Cu-based nanomaterials have been widely considered to be promising electrocatalysts for the direct conversion of CO(2) to high-value hydrocarbons. However, poor selectivity and slow kinetics have hindered the use of Cu-based catalysts for large-scale industrial applications. In this work, we report on a tunable Cu-based synthesis strategy using a dynamic hydrogen bubble template (DHBT) coupled with a sputtered Ag thin film for the electrochemical reduction of CO(2) to ethanol. Remarkably, the introduction of Ag into the base of the three-dimensional (3D) Cu nanostructure induced changes in the CO(2) reduction reaction (CO2RR) pathway, which resulted in the generation of ethanol with high Faradaic Efficiency (FE).
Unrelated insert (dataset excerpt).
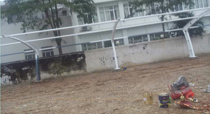 ? 新豐縣氣象局異形鋼L型膜結(jié)構(gòu)車棚,本頂目為L型膜結(jié)構(gòu)車棚,采用異形鋼梁 前軟邊,后硬邊張拉形式,美觀而實用;膜材采用PVDF白色車棚專用建筑膜材,整體結(jié)構(gòu)從設(shè)計到施工,都精工細作,臻至完美。?

This observation was further investigated through Tafel and electrochemical impedance spectroscopic analyses. The rational design of the electrocatalyst was shown to promote the spillover of formed CO intermediates from the Ag sites to the 3D porous Cu nanostructure for further reduction to C(2) products. Finally, challenges toward the development of multi-metallic electrocatalysts for the direct catalysis of CO(2) to hydrocarbons were elucidated, and future perspectives were highlighted.